Helping the activity has been the fact that many of the loan originators have begun to slash the price of debt backed securities, writedowns that have caused a number of prominent financial institutions, including Merrill Lynch and UBS, to experience third quarter losses but have stoked demand among bond buyers.
Equally as important is the way that the economy has seemed to dodge a recession. Economists had feared a slowdown given the way the pullback in credit, which hampers growth, dovetailed problems in the residential market, which many feared would hurt consumer spending.
But the Fed slashed interest rates, pacifying for policy action and jobs have, overall, remained strong
For a crisis that had largely psychological underpinnings, spreading quickly from subprime loans into other types of debt that hadn't had defaults, Hanlon said that there have been other resonant signs of the debt market's resurgence that have been like a tonic for investor confidence.
"People were excited when the Archstone Smith deal closed," Hanlon said, referring to the REIT that Tishman Speyer and Lehman Brothers recently purchased for $22 billion in one of the largest real estate buyouts of all time.

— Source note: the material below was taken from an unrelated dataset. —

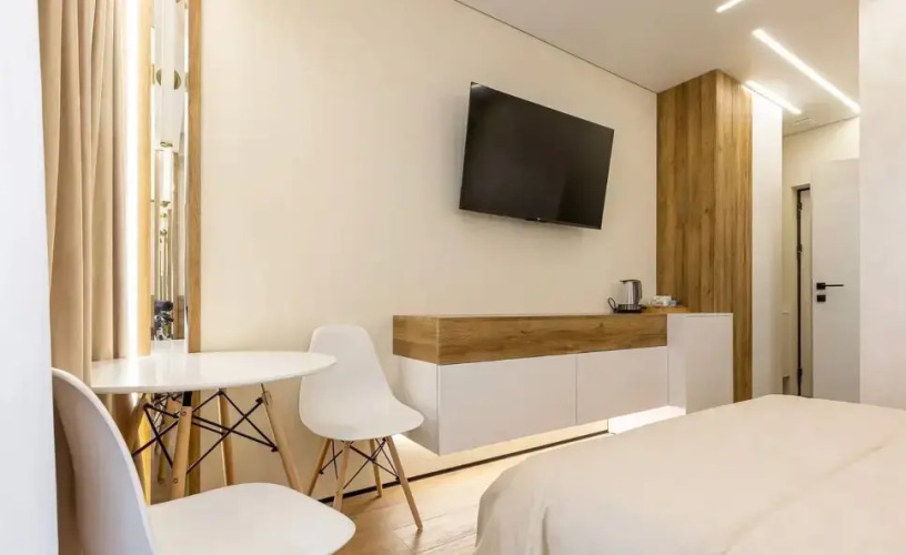 B апартаментах имеется холодильник, микроволновая печь, чайник, необходимая посуда, освещение с различными сценариями. Также в распоряжении гостей двуспальная кровать с белым постельным бельём, Wi-Fi, телевизор смарт-ТВ, в ванной комнате имеется душевая кабина, полотенца, гигиенические средства, фен, стиральная машина, гладильная доска, утюг, сушилка.

The buyers had delayed the deal from its original summer closing date in order to allow extra time to arrange the financing amid the crisis. There had even been speculation that the deal might fall through.
That the Archstone deal wound up closing at a purchase price that had been predicated on cheaper capital than what is now available has created the impression that real estate fundamentals continue to remain strong, Hanlon said.

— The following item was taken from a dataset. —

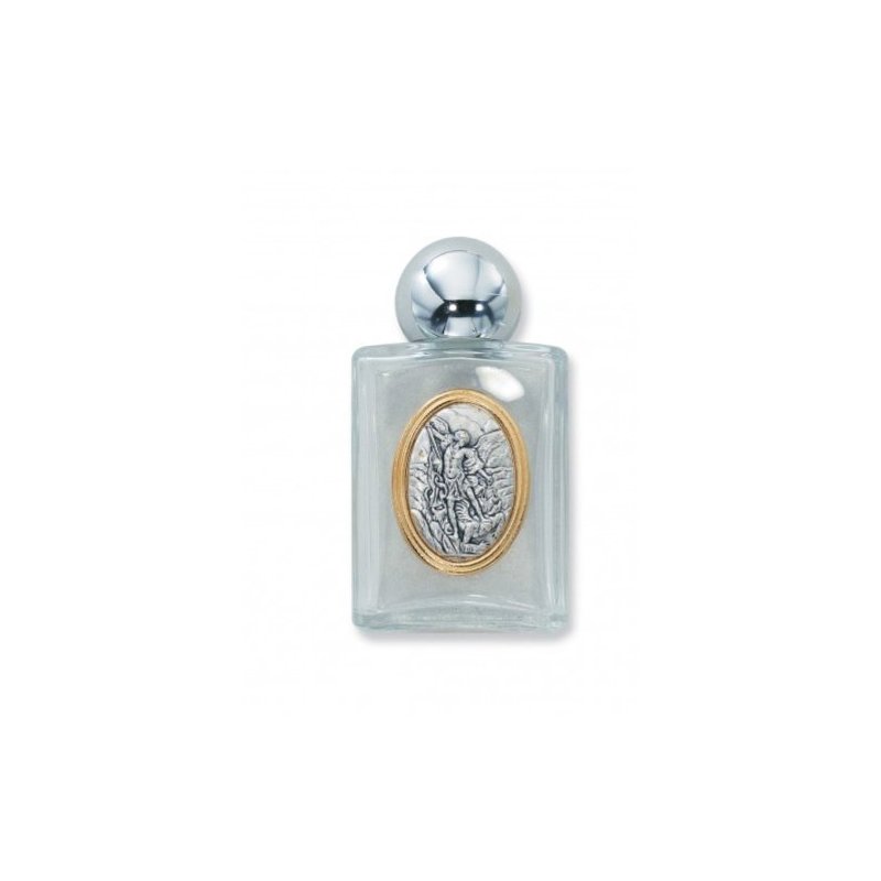 Glass holy water bottle with silver-tone cap stands approximately 3.5 tall. One ounce capacity. From McVan, Inc.

"So far, all the fundamentals we're seeing continue to be positive," Hanlon said.
The hundreds of billions of dollars of loans collected over the summer when subprime defaults touched off a wave of panic among investors in all types of securitized debt. The bulk of the money is for private equity deals, which had been driven by the abundant flow of cheap capital before the crisis.

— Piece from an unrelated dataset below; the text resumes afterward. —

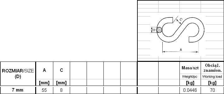 hak ocynkowany FI 7.0mm , długość ok. 69mm , obciążenie znamionowe 70kg , zastosowanie : do łączenia odcinków łańcucha

Commercial mortgage backed securities were vulnerable as well to the sudden risk adversity in the debt market over the summer because of the bullish underwriting that had gone into many of the loans.
Interest only debt and loans that permitted borrowers to assume negative carrying costs based on projected cash flow improvements became common types of financing as real estate values surged to record heights in recent years.
Such slack lending standards evaporated within weeks as the crisis began to bloom and during the dog days of summer, when the securitized debt market appeared to be completely frozen, finding capital even for conservatively structured deals was difficult.
"When you can't price the debt at all, that's death," Hanlon said. "Having the spreads widen isn't the greatest thing for borrowers, but it's not like having no debt for practically any price."
Now that bond buyers are again in the market for debt-backed securities, lenders are making securitized loans at modest loan to value ratios and wider spreads than in recent weeks.
"We expect that in the next weeks and months, as confidence continues to build, lenders will again start competing and spreads will compress and loan to value ratios will grow," Hanlon said. "But probably not back to where it was before the crisis."